Setting University hospital in an urban community.

Patients 85 patients with idiopathic PD (Hoehn & Yahr stage: 1-4).

Measurements Number of falls (assessed prospectively over 6 months), FAB scale, Mini-BESTest, BBS and Unified Parkinson's Disease Rating Scale.

Results The FAB scale, Mini-BESTest and BBS had an accuracy to predict future falls of 0.68, 0.65 and 0.69 of the area under the curve (AUC) of the receiver operating characteristic (ROC) curve, respectively. A model combining the items “tandem stance”, “rise to toes”, “one leg stance”, “compensatory stepping backward”, “turning” and “placing alternate foot on stool” had an AUC of 0.84 of the ROC curve.

Limitations Drop-out rate of 19 subjects.

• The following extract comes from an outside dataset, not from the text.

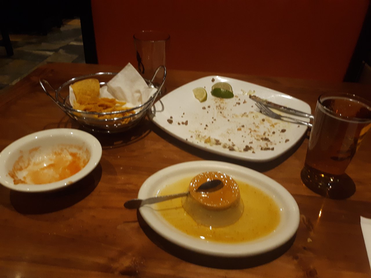 It was a beef Chimichanga, cheese quesadilla, & a beef salad bowl thingamajig..? Washed it down with a baby sized flan.. lol Very decent, reasonably priced grub over here. Might just stroll on over again tomorrow..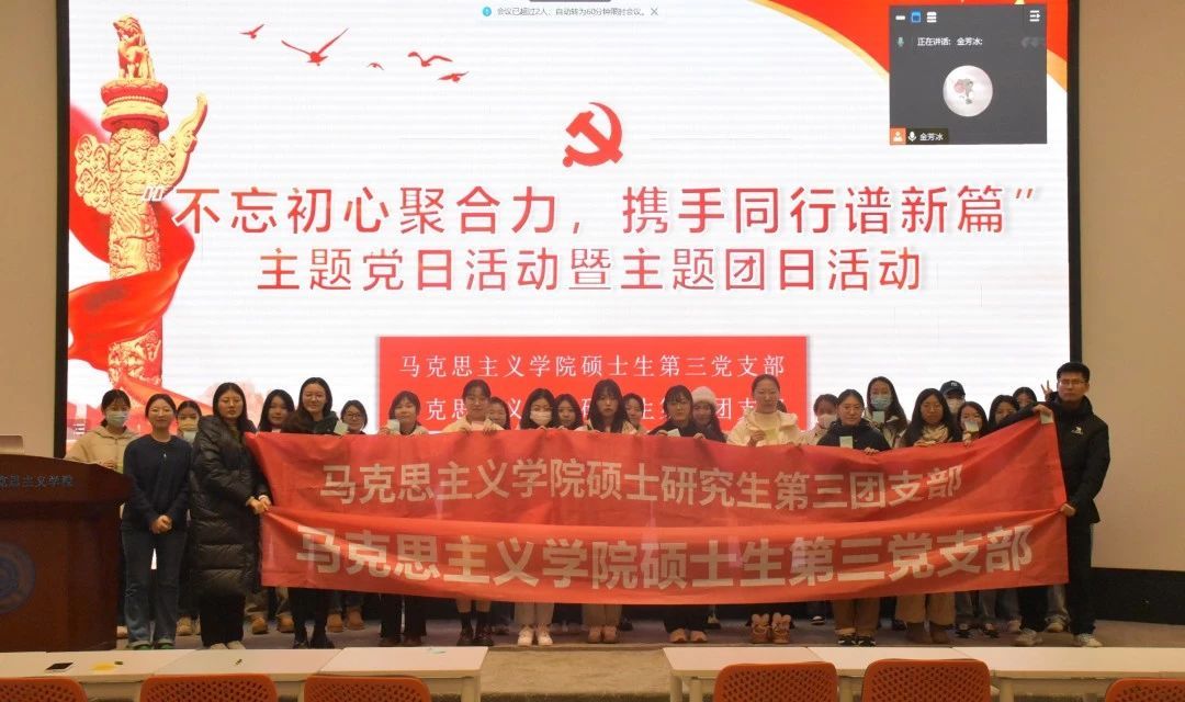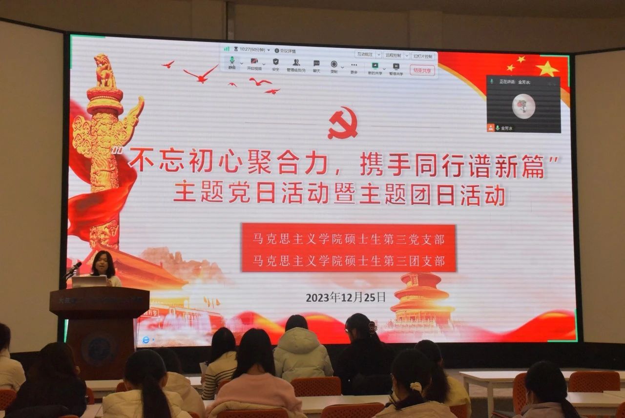 为全面贯彻落实习近平新时代中国特色社会主义思想和党的二十大精神,创新“党建带团建”的活动形式,紧密联系团组织建设和团员思想实际,扩大党组织覆盖面、增强党组织生命力,2023年12月25日下午2点,马克思主义学院硕士生第三党支部、硕士生第三团支部于情景教室联合开展了“不忘初心聚合力,携手同行谱新篇”党团共建主题活动,本次活动由硕士生第三党支部纪检委员金芳冰主持。本次党团共建共有五项议程。

Conclusions The FAB scale, Mini-BESTest and BBS provide moderate capacity to predict fallers with one or more falls from non-fallers. Only some items of the three scales contribute to the detection of future falls. Clinicians should particularly focus on the items “tandem stance” in addition with the items “one leg stance”, “rise to toes”, “compensatory stepping backward”, “turning 360°” and “placing foot on stool” when analyzing postural control deficits related to fall risk. Future research should analyze if balance training including the aforementioned items is effective to reduce fall risk.